GM legislation blocked

GM legislation blocked


THE state government's attempt to lift the moratorium on genetically modified crops on mainland SA has been blocked, with members of the Legislative Council voting against the bill in its current form on Tuesday afternoon.


THE state government's second attempt to lift the moratorium on genetically-modified crops on mainland SA has again been blocked, with members of the Legislative Council voting against the bill in its present form on Tuesday afternoon.

Despite signalling his support to lift the moratorium and his acceptance of the science backing GM's safety in the first reading on Tuesday, SA-Best MLC Frank Pangallo said he wanted protection and a level playing field for growers that don't want GM, claiming the current bill did not provide those necessary protections.

He claimed the government had let down farmers by the way they had "botched and bungled legislation".

"We are extremely disappointed that the Bill failed and blame Minister Whetstone for it," Mr Pangallo said.

"The Minister's handling of negotiations over the past 24 hours fell well short of what was required to ensure the success of the bill.
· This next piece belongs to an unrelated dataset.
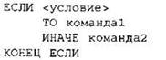 выполняется команда 1 (если условие истинно) или команда2 (если условие ложно).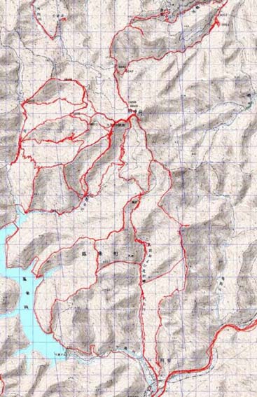 帰路は直登を下り400M辺りでの堰堤横に出るコースを草刈りしながら下りた。

"For the record, let me make SA-BEST's position very clear on GM crops.

"We support farmers' and their rights to choose to grow the crops of their choosing - but there needs to be flexibility, compromise and protections."

Fellow SA-Best MLC Connie Bonaros said she was not against GM crops but would not support the bill in its current form.
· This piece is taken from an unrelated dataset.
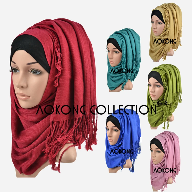 10pcs women hijab scarf acrylic solid plain twill pashmina hijabs long shawls ladies muslim sleeves for hijabis

She said there was a need for proper debate and the concerns from every sector involved in debate should be heard, saying the state government had failed to do that in preceding consultation.
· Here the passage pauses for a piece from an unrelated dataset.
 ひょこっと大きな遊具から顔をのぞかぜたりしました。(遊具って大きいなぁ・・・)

"SA-BEST can't - in good conscience - support bad law making," she said.

"When we attempt to create laws that will benefit one group of farmers while at the same time impact others is not good law making.

"Our stance today will no doubt upset many, many farmers today, and it greatly disappoints us that we weren't able to deliver what they were seeking, however we also need to take into consideration other farmers and organic growers who don't want GM crops and may be adversely impacted.

"We fully support the introduction of GM crops, but it needs to be an equal playing field."

During debate, Liberal MLC John Dawkins pointed out that he was one of only two MLCs who had been practicing farmers and an overwhelming number of farmers told him that SA needed the choice the bill would bring.

Minister for Primary Industries Tim Whetstone accused the Labor Party and SA Best of ignoring the state's farmers in blocking the bill and said SA-Best had proposed amendments, but they were not supported and would have heavily regulated GM crops in a manner unacceptable to industry.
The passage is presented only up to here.